▸ **What you have to do**: Copy each record exactly as it reads, leaving out any pictures it holds.

[Excerpts from a dataset]
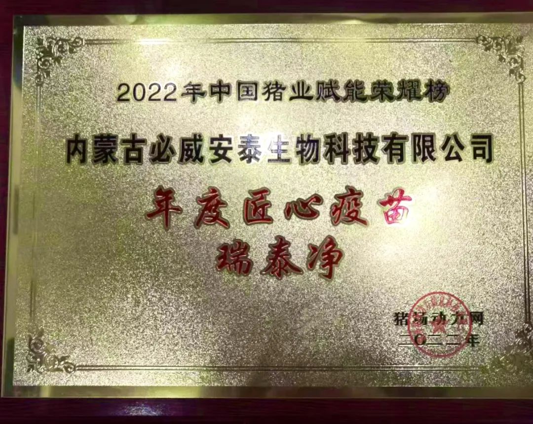 2023年3月22日,由豬場動力網(wǎng)、湖南農(nóng)業(yè)大學(xué)動物醫(yī)學(xué)院、國家生豬產(chǎn)業(yè)技術(shù)創(chuàng)新戰(zhàn)略聯(lián)盟主辦的第三屆中國豬業(yè)賦能大會暨賦能榮耀榜頒獎盛典,在長沙吉美國際會展酒店隆重舉行,內(nèi)蒙古必威安泰生物科技有限公司及名星產(chǎn)品瑞泰凈再斬殊榮,獲得“年度品牌創(chuàng)新企業(yè)”和“年度匠心疫苗獎”。
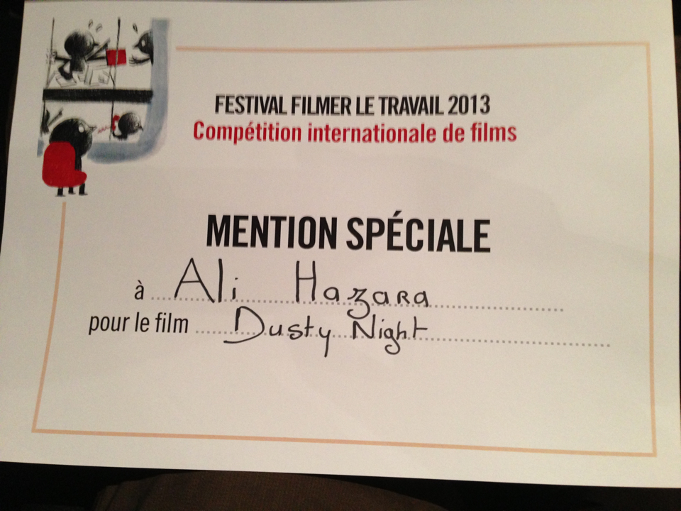 ساعتی پیش آقای علی هزاره فیلم ساز، برنده نگاه ويژه جشنواره فیلم Filmer le travail در فرانسه شد و هنگام دریافت این جایزه، آن را به صدها قربانی حمله ی خونین بر مردم هزاره در شهر کویته ی پاکستان تقدیم کرد.
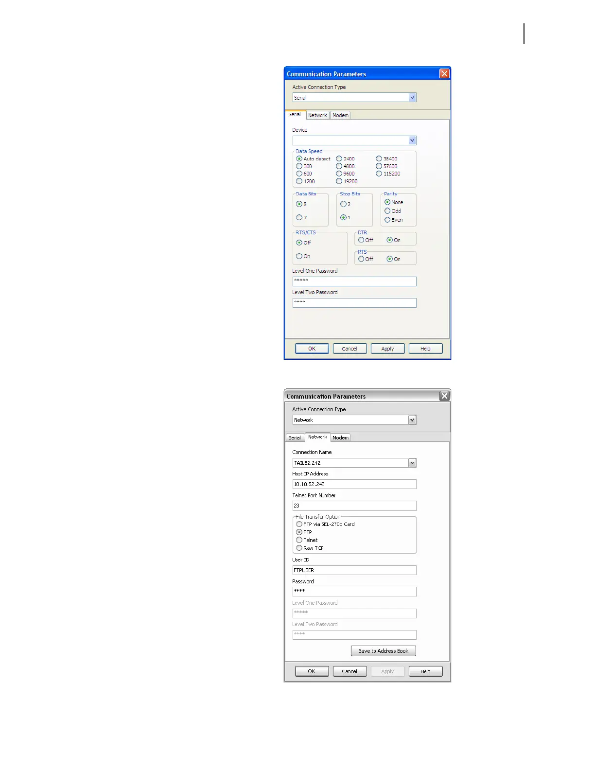 Sel 751A - Figure 3.2 Serial Port Communication Parameters Dialog Box; Figure 3.3 Network Communication Parameters Dialog Box
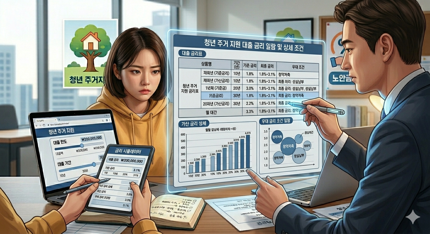 만 25세 미만 청년 가구(60㎡ 이하 주택)에는 연 0.3%p가 적용되며, 중소기업 취업 또는 창업 청년에게도 연 0.3%p(최대 4년)의 우대가 제공됩니다. 지방 주택에 대한 연 0.2%p 우대도 포함되어, 순자산 3.45억 원 이하 청년들에게 총 우대 1.0%p 이상 적용되는 사례가 많아졌습니다. 이러한 우대 조건들을 잘 조합하면 이자 부담을 크게 줄일 수 있습니다.
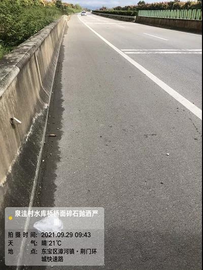 王郎沟水库二号桥、泉洼村水库桥桥面碎石抛洒严重。
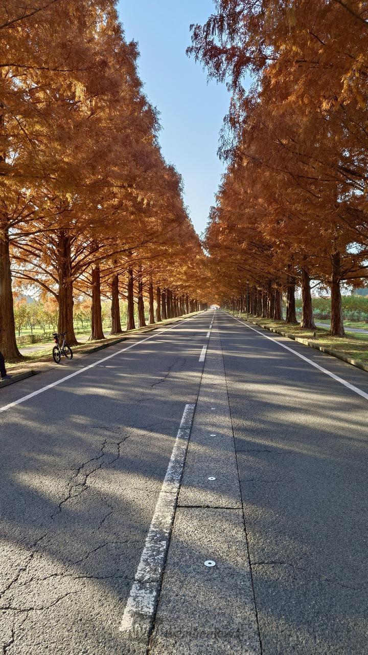 マキノ高原側の並木、マキノピックランド前から向かって伸びる直線道路 ※道の真ん中での撮影は絶対におやめください。
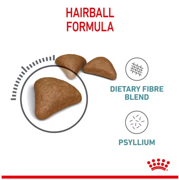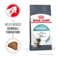 The exclusive use of ROYAL CANIN® HAIRBALL CARE dry formula has been clinically proven to reduce hairball formation within 14 days.* Its specially formulated Hairball Care complex includes a unique blend of natural dietary fibres, such as psyllium, that help stimulate intestinal transit naturally. This encourages ingested hair to be eliminated in the stool instead of accumulating in the stomach and causing regurgitation.
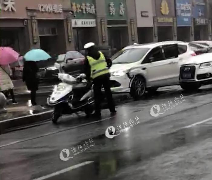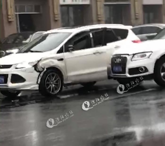 溧阳建设路欣欣水果店那那边两个小轿车撞了,现场两辆轿车,其中一辆车都撞“通”掉了,人应该没事。周边也聚集了挺多市民,可能是下雨天,能见度比较低,又急赶着上班,车子不知什么情况发生了碰撞,看样子,车子损毁还是比较严重的,车门那边都变形了。在此也提醒各位司机朋友,行车注意安全,保持安全车距。雨天路滑,注意,注意,再注意!
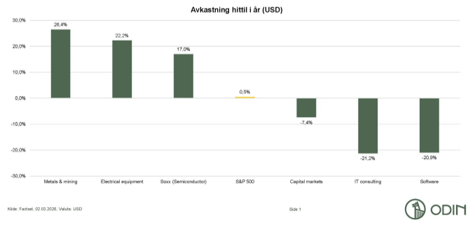 Rädslan för hur AI kan underminera affärsmodeller spred sig gradvis till andra delar av marknaden, såsom konsultverksamhet, utbildning samt tjänster inom finans, juridik och fastigheter. I andra änden av spektrumet finns bolag inom energi, infrastruktur, hårdvara och halvledartillverkning, som uppfattas som vinnare på utbyggnaden av AI-infrastruktur.
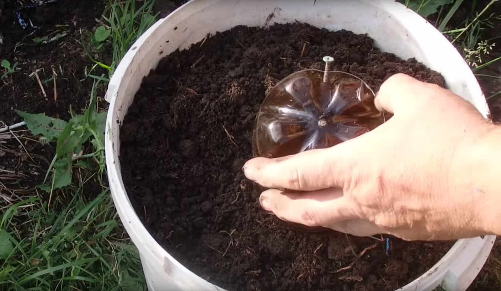 Butelkę napełnij wodą, włóż ją szyjką (czyli do góry dnem) w ziemię i przykręć jedną śrubę do dna butelki.
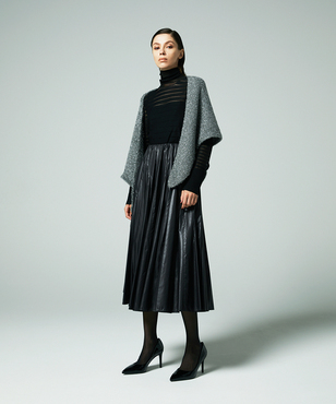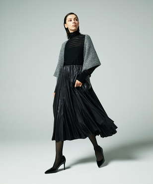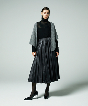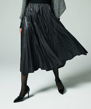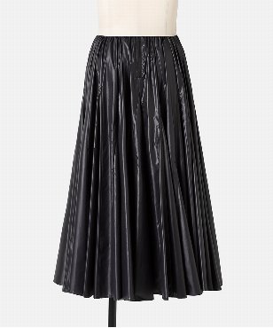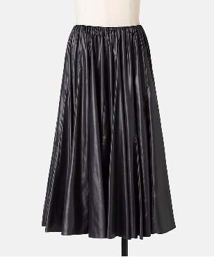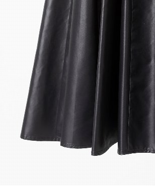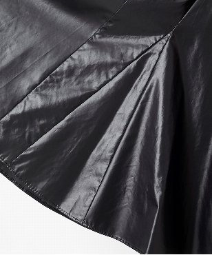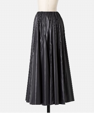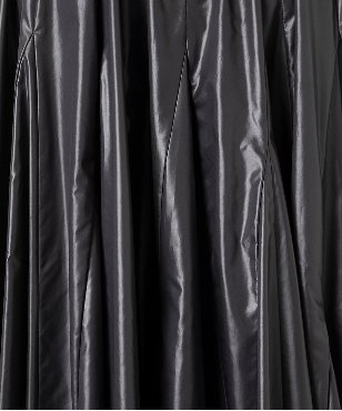 たっぷりとした分量感のあるギャザーフレアスカートです。裾に向かってハギやマチを贅沢にとり、波打つようなヘムラインが生まれるようデザインしています。たて糸・よこ糸共にポリエステルのハイカウント糸を使用した、軽さとソフトさが特徴のタフタ生地。さらに後加工でカレンダーとタンブラー加工を施し、レザーのような光沢感を加えています。日本製生地。
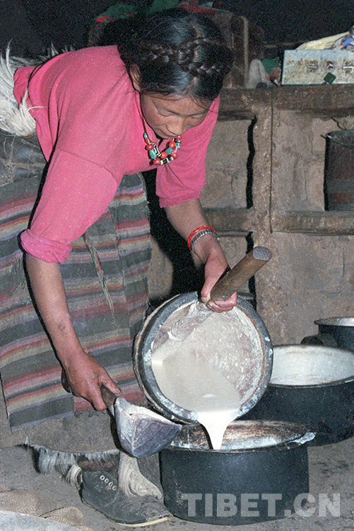 這是那曲地區(qū)(現(xiàn)那曲市)班戈縣牧女正在倒用木桶打過(guò)的牦牛奶,準(zhǔn)備熬制酥油(唐召明1987年攝)

▸ **Answer for the task**:
 2023年3月22日,由豬場動力網(wǎng)、湖南農(nóng)業(yè)大學(xué)動物醫(yī)學(xué)院、國家生豬產(chǎn)業(yè)技術(shù)創(chuàng)新戰(zhàn)略聯(lián)盟主辦的第三屆中國豬業(yè)賦能大會暨賦能榮耀榜頒獎盛典,在長沙吉美國際會展酒店隆重舉行,內(nèi)蒙古必威安泰生物科技有限公司及名星產(chǎn)品瑞泰凈再斬殊榮,獲得“年度品牌創(chuàng)新企業(yè)”和“年度匠心疫苗獎”。
 ساعتی پیش آقای علی هزاره فیلم ساز، برنده نگاه ويژه جشنواره فیلم Filmer le travail در فرانسه شد و هنگام دریافت این جایزه، آن را به صدها قربانی حمله ی خونین بر مردم هزاره در شهر کویته ی پاکستان تقدیم کرد.
 Sel 751A - Figure 3.2 Serial Port Communication Parameters Dialog Box; Figure 3.3 Network Communication Parameters Dialog Box
 만 25세 미만 청년 가구(60㎡ 이하 주택)에는 연 0.3%p가 적용되며, 중소기업 취업 또는 창업 청년에게도 연 0.3%p(최대 4년)의 우대가 제공됩니다. 지방 주택에 대한 연 0.2%p 우대도 포함되어, 순자산 3.45억 원 이하 청년들에게 총 우대 1.0%p 이상 적용되는 사례가 많아졌습니다. 이러한 우대 조건들을 잘 조합하면 이자 부담을 크게 줄일 수 있습니다.
 王郎沟水库二号桥、泉洼村水库桥桥面碎石抛洒严重。
 マキノ高原側の並木、マキノピックランド前から向かって伸びる直線道路 ※道の真ん中での撮影は絶対におやめください。
 The exclusive use of ROYAL CANIN® HAIRBALL CARE dry formula has been clinically proven to reduce hairball formation within 14 days.* Its specially formulated Hairball Care complex includes a unique blend of natural dietary fibres, such as psyllium, that help stimulate intestinal transit naturally. This encourages ingested hair to be eliminated in the stool instead of accumulating in the stomach and causing regurgitation.
 溧阳建设路欣欣水果店那那边两个小轿车撞了,现场两辆轿车,其中一辆车都撞“通”掉了,人应该没事。周边也聚集了挺多市民,可能是下雨天,能见度比较低,又急赶着上班,车子不知什么情况发生了碰撞,看样子,车子损毁还是比较严重的,车门那边都变形了。在此也提醒各位司机朋友,行车注意安全,保持安全车距。雨天路滑,注意,注意,再注意!
 Rädslan för hur AI kan underminera affärsmodeller spred sig gradvis till andra delar av marknaden, såsom konsultverksamhet, utbildning samt tjänster inom finans, juridik och fastigheter. I andra änden av spektrumet finns bolag inom energi, infrastruktur, hårdvara och halvledartillverkning, som uppfattas som vinnare på utbyggnaden av AI-infrastruktur.
 Butelkę napełnij wodą, włóż ją szyjką (czyli do góry dnem) w ziemię i przykręć jedną śrubę do dna butelki.
 たっぷりとした分量感のあるギャザーフレアスカートです。裾に向かってハギやマチを贅沢にとり、波打つようなヘムラインが生まれるようデザインしています。たて糸・よこ糸共にポリエステルのハイカウント糸を使用した、軽さとソフトさが特徴のタフタ生地。さらに後加工でカレンダーとタンブラー加工を施し、レザーのような光沢感を加えています。日本製生地。
 這是那曲地區(qū)(現(xiàn)那曲市)班戈縣牧女正在倒用木桶打過(guò)的牦牛奶,準(zhǔn)備熬制酥油(唐召明1987年攝)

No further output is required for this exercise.